Originally Posted by john.c

All that's guaranteed is that sizeof(char) is 1, but all that means is that the sizes of objects are calculated in multiples of the size of a char.

The evidence lies in the C standard:

Originally Posted by C11 Clause 6.5.3.4 Paragraph 2a

The sizeof operator yields the size (in bytes) of its operand, which may be an expression or the parenthesized name of a type.

So yes, because the sizes of objects are calculated in multiplies of the size of a char, and because the sizeof operator yields that size in bytes (as per C's notion of what constitutes a "byte"), it follows that in C, it is indeed "guaranteed that char must be 1 byte", therefore MartinR is proven correct. It is just that as Hodor noted, outside of C there's a strong prevalent convention that a byte is 8 bits, whereas C also caters for systems where a "byte" as known to the system may be more than 8 bits, hence you rightly mentioned CHAR_BIT.

Originally Posted by MartinR

Sure I can but this subject is more about how to define such type using standard C types - char for example (assuming char is 8 bits).

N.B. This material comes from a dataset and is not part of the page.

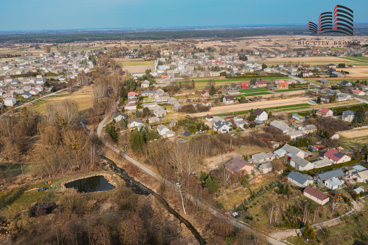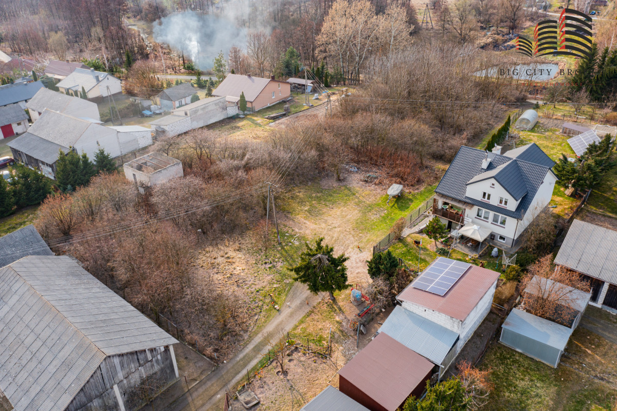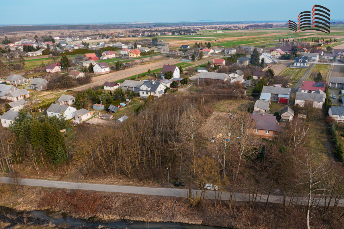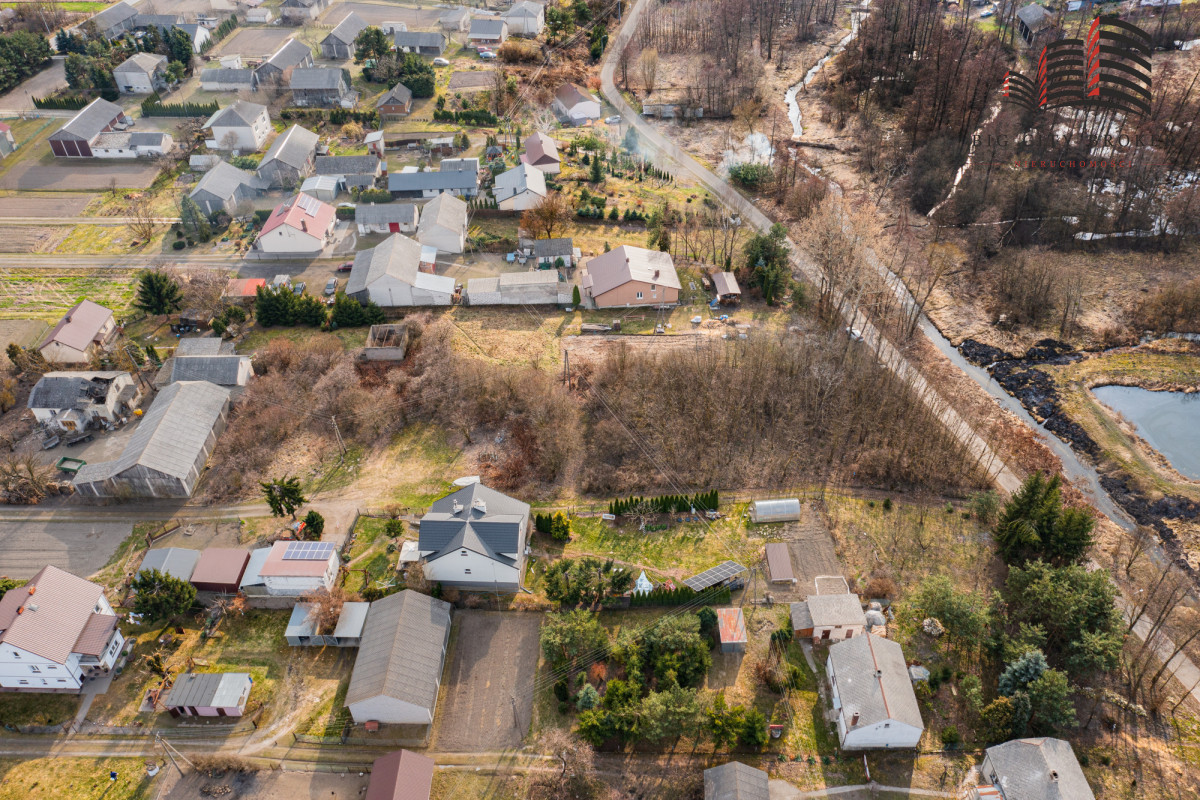 Piękna, rodzinna, spokojna okolica. Nieruchomość w kształcie prostkąta, częściowo zalesiona.

Is this merely an exercise to satisfy your curiosity, or is this a requirement for an actual program to be released in production such that you cannot even use the C standard library and hence cannot use what john.c suggested in post #2?

Well the whole point of the standard includes is that it takes all the guess-work out of doing the right thing.

Otherwise you need Pre-defined Compiler Macros / Wiki / Home and a very long list of conditional compilation flags, followed by the static assertion I posted earlier.

Code:

#if defined(WIN32) && defined(MSVC)
typedef int my32t;
#elif defined(DOS) && defined(MSVC)
typedef long int my32t;
#elif defined(LINUX)
typedef int my32t;
#elif // ad nauseam
#else
  #error "Invalid Platform/compiler combo"
#endif

If what you're proposing was that easy on a standard compiler, then stdint wouldn't exist because there would be no need for it.

An unadorned int in C has traditionally aligned itself with the natural register and/or bus width of the target architecture, to be as efficient as possible.

Also, an unadorned int only needs to hold signed 16-bit values to be compliant with the standards. If you want a guaranteed 'at least 32-bits' integer, then choose long int.